Proof. By Proposition 3.3, ${\rm nb}(\alpha^\ast,p^\ast)\le_{\rm lc} c_{{\rm nb}(\alpha,p)}(\,f)$. It is easy to verify that the means of ${\rm nb}(\alpha^\ast,p^\ast)$ and $c_{{\rm nb}(\alpha,p)}(\,f)$ are equal. Thus, the desired result follows from Theorem 1.1(1) directly.

Proposition 3.5. Suppose that α > 0 and $p\in(0,1)$. If $c_{{\rm nb}(\alpha,p)}(\,f)$ is non-degenerate and log-concave, then ${\rm poi}(\lambda)\leq_{{\rm lc}}c_{{\rm nb}(\alpha,p)}(\,f)$ for any λ > 0. In particular, when $\lambda^\ast= \alpha\mu(1-p)/p$, we have $H({\rm poi}(\lambda^\ast))\leq H(c_{{\rm nb}(\alpha,p)}(\,f))$.

Proof.

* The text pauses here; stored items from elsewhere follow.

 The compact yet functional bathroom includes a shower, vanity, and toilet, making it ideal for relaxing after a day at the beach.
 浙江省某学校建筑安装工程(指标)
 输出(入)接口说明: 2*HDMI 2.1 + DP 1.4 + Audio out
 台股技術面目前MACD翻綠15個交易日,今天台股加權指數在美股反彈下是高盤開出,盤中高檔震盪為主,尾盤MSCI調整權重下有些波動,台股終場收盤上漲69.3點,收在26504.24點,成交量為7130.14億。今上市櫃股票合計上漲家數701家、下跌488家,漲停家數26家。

The notations are the same as in the proof of Proposition 3.3. Obviously, $g_n \gt 0$ for $n\ge 0$ and by the log-concavity of g, we have

\begin{equation*} \frac{g_{n-j}}{g_{n+1-j}}\leq\frac{g_n}{g_{n+1}},\quad j=0,\ldots, n. \end{equation*}

Hence, for $n\ge 0$,

\begin{align*} (n+1) g_{n+1} & \le \frac {q}{1-q f_0} \sum^n_{j=0} [(\alpha-1) j +n+\alpha] f_{j+1} g_{n+1-j} \cdot \frac {g_n}{g_{n+1}}\\ & \le \frac {g_n}{g_{n+1}}\cdot \frac {q}{1-q f_0} \sum^{n+1}_{j=0} [(\alpha-1) j +n+1+\alpha] f_{j+1} g_{n+1-j} \\ & = \frac {g_n}{g_{n+1}} \cdot (n+2) g_{n+2}, \end{align*}

that is, $n!g_n$ is log-convex in $n\in\mathbb{N}$. Thus, ${\rm poi}(\lambda)\leq_{{\rm lc}}c_{{\rm nb}(\alpha,p)}(\,f)$. The rest can be derived directly from Theorem 1.1.

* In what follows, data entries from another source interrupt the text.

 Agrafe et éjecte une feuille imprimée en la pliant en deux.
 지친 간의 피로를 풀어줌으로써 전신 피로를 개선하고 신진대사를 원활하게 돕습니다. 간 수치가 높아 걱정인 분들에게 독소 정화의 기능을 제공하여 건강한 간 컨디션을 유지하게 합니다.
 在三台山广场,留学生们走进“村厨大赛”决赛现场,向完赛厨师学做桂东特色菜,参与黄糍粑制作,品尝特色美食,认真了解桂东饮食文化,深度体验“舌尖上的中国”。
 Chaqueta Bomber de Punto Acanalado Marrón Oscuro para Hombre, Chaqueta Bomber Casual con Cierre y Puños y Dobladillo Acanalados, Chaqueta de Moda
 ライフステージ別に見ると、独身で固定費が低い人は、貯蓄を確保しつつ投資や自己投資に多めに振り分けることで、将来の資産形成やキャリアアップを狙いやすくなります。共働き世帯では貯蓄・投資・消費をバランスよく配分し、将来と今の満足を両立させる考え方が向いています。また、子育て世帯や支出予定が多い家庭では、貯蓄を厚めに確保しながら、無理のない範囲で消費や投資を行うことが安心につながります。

4. Log-concavity of a compound distribution

[Reference Yu8] proved that if f is log-concave, then $c_{{\rm poi}(\lambda)}(\,f)$ is log-concave if and only if $\lambda f_1^2\ge 2 f_2$. In order to show that Propositions 3.3, 3.5 and Corollary 3.4 are meaningful, we need to investigate the log-concavity of compound Negative Binomial distribution. Firstly, we study the necessary and sufficient condition for a compound Geometric distribution to be log-concave.

Proposition 4.1. Suppose f is a pmf defined on $\mathbb{N}$ such that $f_1 \gt 0$. For $p\in(0,1)$, we have $c_{{\rm geo}(p)}(\,f)\in {\rm LC}$ if and only if $f_k=0$ for all $k\ge 2$.

Proof. Denote the pmf of ${\rm Geo}(p)$ as $\{p_n, n\ge 0\}$. Then the pmf of $c_{{\rm geo}(p)}(\,f)$ is g. By (3.3), we have:

(4.1)\begin{equation} g_{n+1}=\eta\sum_{j=0}^nf_{j+1}g_{n-j}, \quad n\ge 0, \end{equation}

where $\eta= q/(1-qf_0) \gt 0$.

First of all, observe that

  1. (1) $g_0 = p_0+\sum_{n=1}^\infty p_nf_0^n = p+\sum_{n=1}^\infty pq^nf_0^n= p/(1-qf_0) = p\eta/q \gt 0$;

  2. (2) $f_1\neq 0 \Longrightarrow g_n \gt 0$ for $n\ge 0$.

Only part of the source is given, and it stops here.